Tripilot: The Big Leap, Ordinary Joe, La Brea, e i patemi della generalista di Diego Castelli
Tre diversi modi di essere generalista e di fare pochi ascolti nel 2021
Ci ho pensato su prima di scrivere questo tripilot, per un motivo molto semplice: le serie di cui parliamo oggi ben difficilmente lasceranno alcun segno particolare nel mondo delle serie tv, e oltretutto i dati di ascolto sembrano già condannarle, dopo poche settimane dal debutto, a una prossima cancellazione.
Poi però ho deciso di renderne conto lo stesso, prima di tutto perché la rubrica tripilot esiste proprio per mettere in archivio le serie medie e medio-basse, ma anche perché The Big Leap, Ordinary Joe e La Brea, cioè le serie di cui parliamo oggi, ci danno effettivamente modo di fare un piccolo, non certo esaustivo, ma magari significativo punto sullo stato della tv generalista americana.
Che i grandi network statunitensi non se la passino più benissimo, in termini di capacità di imporsi nel discorso culturale sulla narrazione audiovisiva, è tema che abbiamo affrontato più volte.
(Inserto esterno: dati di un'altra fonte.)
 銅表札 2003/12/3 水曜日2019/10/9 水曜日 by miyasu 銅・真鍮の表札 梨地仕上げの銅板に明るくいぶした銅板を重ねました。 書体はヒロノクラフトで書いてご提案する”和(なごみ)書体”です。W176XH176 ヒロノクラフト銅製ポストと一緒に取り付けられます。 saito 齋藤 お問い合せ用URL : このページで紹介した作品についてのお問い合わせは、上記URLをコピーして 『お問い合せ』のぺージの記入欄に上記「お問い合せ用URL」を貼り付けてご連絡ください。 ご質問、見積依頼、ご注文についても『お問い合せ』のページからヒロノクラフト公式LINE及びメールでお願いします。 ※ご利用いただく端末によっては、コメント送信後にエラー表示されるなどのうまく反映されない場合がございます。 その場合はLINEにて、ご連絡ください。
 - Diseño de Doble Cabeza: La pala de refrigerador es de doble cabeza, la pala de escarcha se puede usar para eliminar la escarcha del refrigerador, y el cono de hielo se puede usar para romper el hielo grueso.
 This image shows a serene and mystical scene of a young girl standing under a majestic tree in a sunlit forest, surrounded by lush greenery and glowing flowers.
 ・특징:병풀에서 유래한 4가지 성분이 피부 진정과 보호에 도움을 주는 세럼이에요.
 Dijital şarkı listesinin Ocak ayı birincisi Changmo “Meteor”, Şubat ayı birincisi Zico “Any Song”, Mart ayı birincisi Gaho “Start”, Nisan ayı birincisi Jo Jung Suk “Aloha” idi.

Per dare un’idea della situazione basterebbe guardare alle nomination degli ultimi Emmy, dove a farla da padrone sono stati i nuovi servizi di streaming, seguiti a ruota da poche reti cable che ancora mostrano di saper dire la loro. Dei canali generalisti quasi nessuna traccia, se si esclude una manciata di nomination per qualche comedy e per This Is Us.
Proprio This Is Us, una serie debuttata cinque anni fa, è da considerarsi l’ultimo grande successo della tv generalista americana, dove per “grande successo”, come accennato sopra, non si intende solo la capacità di attirare il pubblico davanti alla tv, ma anche l’abilità di imporre un certo tipo di discorso, di sperimentare nuovi stili, di “farsi vedere”, insomma, costringendo anche gli sfigati blogger italiani come noi a parlarne con interesse.
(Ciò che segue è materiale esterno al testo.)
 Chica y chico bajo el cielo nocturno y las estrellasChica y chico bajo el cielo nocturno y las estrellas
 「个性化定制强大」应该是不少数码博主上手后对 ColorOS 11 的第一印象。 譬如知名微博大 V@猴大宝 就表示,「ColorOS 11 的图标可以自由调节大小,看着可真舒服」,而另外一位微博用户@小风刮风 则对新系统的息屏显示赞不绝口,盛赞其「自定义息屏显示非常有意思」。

È giusto specificare ulteriormente che non è tanto un problema di dati di ascolto. Certo, pay tv e piattaforme varie hanno tolto un po’ di spettatori ai canali generalisti, ma non dobbiamo nemmeno dimenticare che le barriere economiche, tecnologiche e culturali all’ingresso di quegli altri canali distributivi continuano a essere motivo di difficoltà per un numero molto alto di famiglie. Questo significa che i grandi network americani sopravvivono ancora e sono in grado di realizzare buoni risultati, ma la vera domanda è “con cosa?”.
Le reti che una volta imponevano nuovi gusti e facevano rivoluzioni, che offrivano Lost e Grey’s Anatomy (quella delle origini), che facevano conoscere eroi seriali come Jack Bauer e il dottor House, oggi sono costrette a vivacchiare con serie che non si possono più permettere grande sperimentazione (quella la fanno altri), e che invece devono preoccuparsi di badare al sodo.
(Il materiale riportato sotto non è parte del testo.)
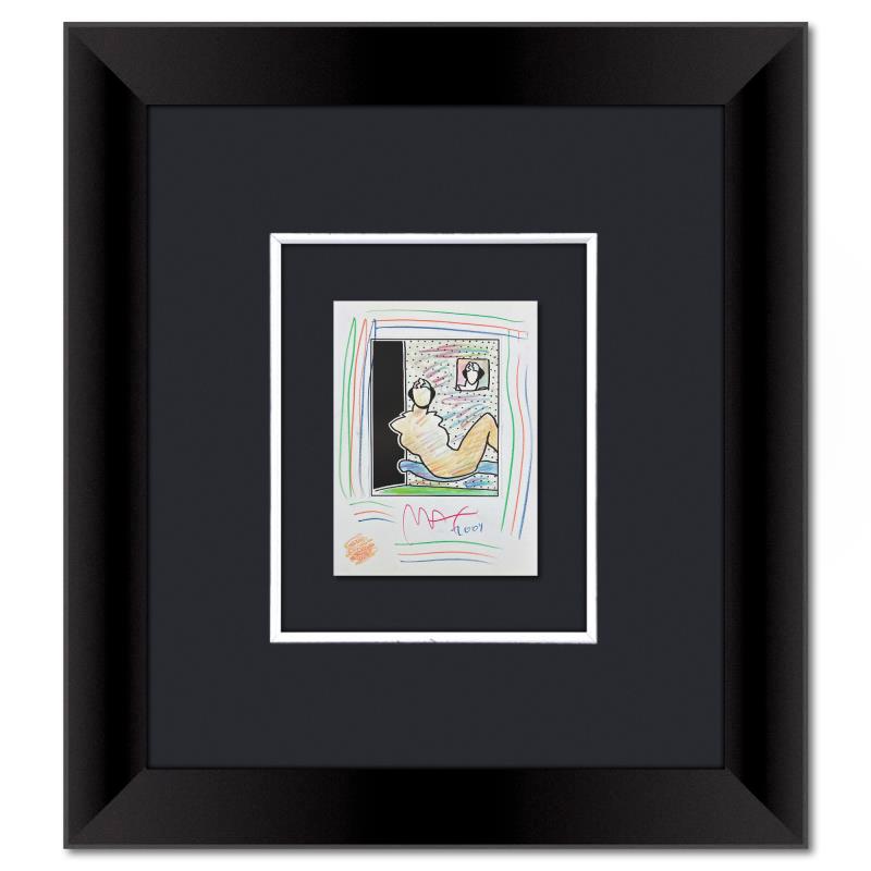 "Neo Pop Series (Neo RZF883)" is a one-of-a-kind mixed media on paper, hand signed by Peter Max. The piece comes custom framed with a backside cutout to display Peter Max Studio registration number 339281 certifying authenticity. Measures approximately 22.5" x 20" (frame), 8.5" x 6" (image). This item requires special handling and may have a longer than usual turnaround.
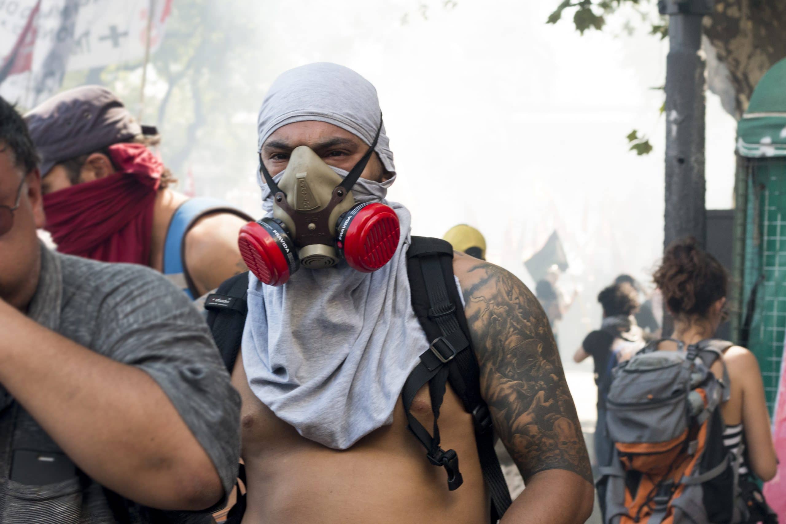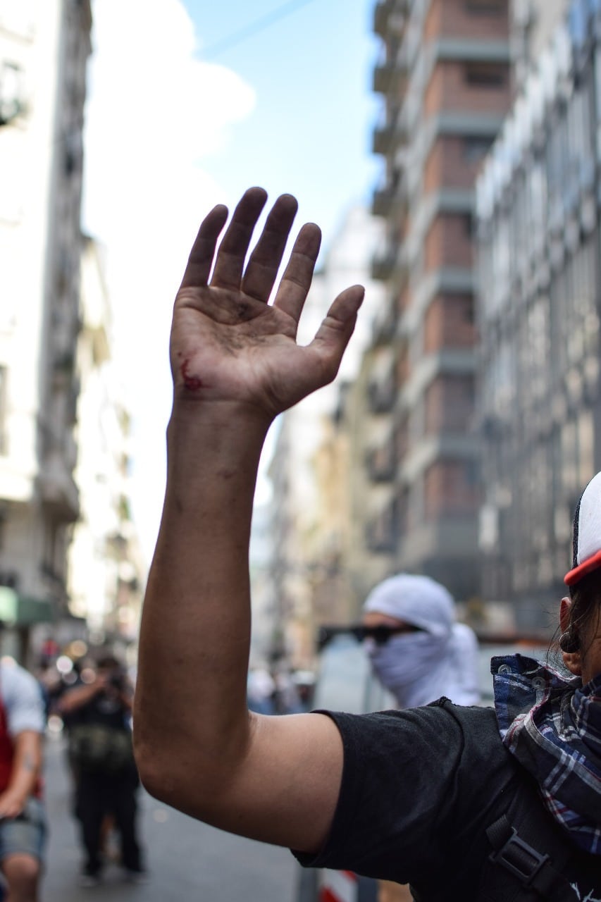 Se rearma la protesta y vuelve el agua. Vuelan piedras. Las que dan en el blanco se festejan. Se rearma la protesta y siguen las balas. Se rearma la protesta. Varias veces. Se agita la gendarmería. No hay nadie que parezca padecer la orden de represión. Más bien es un disfrute tras las vallas. Las corren para avanzar y les que protestan empiezan a correr. Vienen las motos, más balas de goma azules que luego se arrinconarán contra el cordón o rebotarán en la espalda de les manifestantes.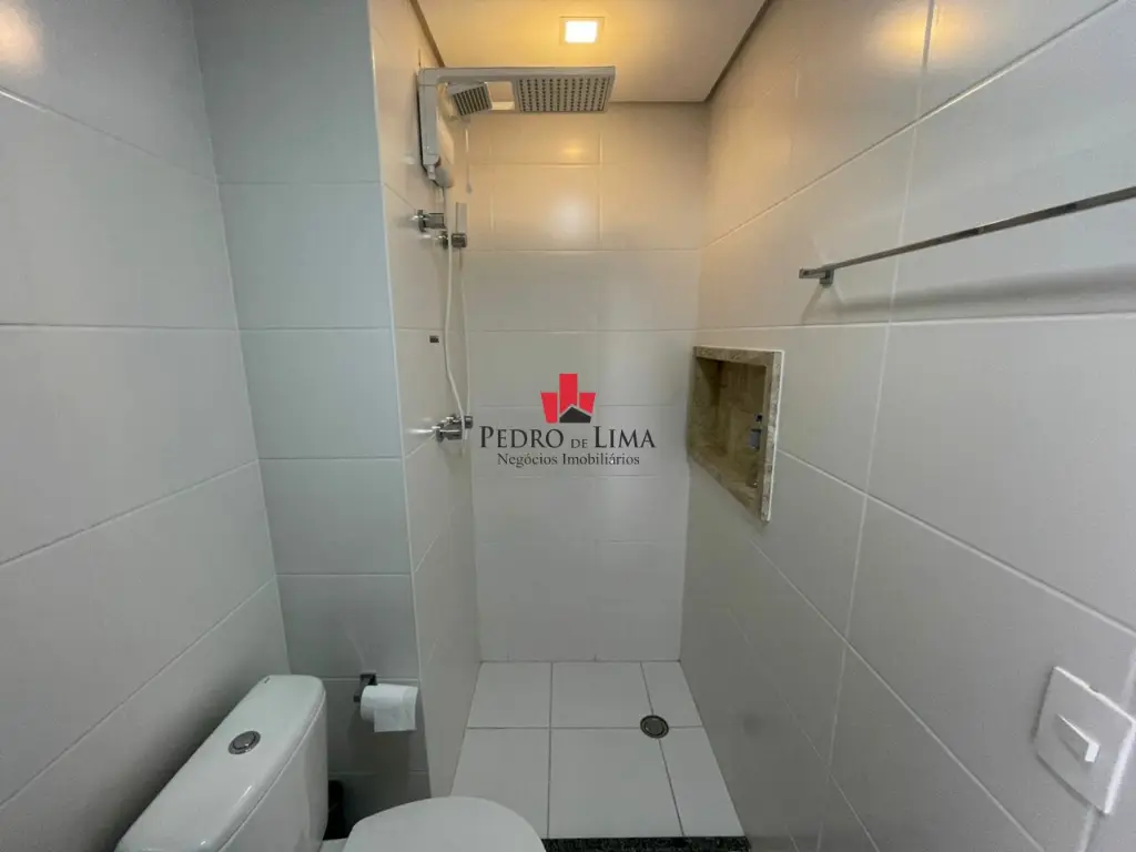 Sala ampla com 1 banheiro. Piso na parte inferior em porcelanato. Imóvel com acabamento de primeira linha com fechadura eletrônica.

Questo approccio ha prodotto anche cose buone, penso per esempio a medical come The Good Doctor, New Amsterdam o The Resident, ma di nuovo parliamo di serie sostanzialmente medie, che non riescono quasi mai a fare il passo in più verso qualcosa che lasci veramente il segno.
E non è nemmeno un caso assistere a una nuova stagione di revival: ha debuttato un paio di giorni fa CSI Vegas (ne riparleremo) che di fatto è niente più che la vecchia CSI, con gli stessi personaggi. Ed è stato annunciato anche il ritorno di Law & Order, nel senso originale del termine, visto che poi c’erano stati molti spinoff.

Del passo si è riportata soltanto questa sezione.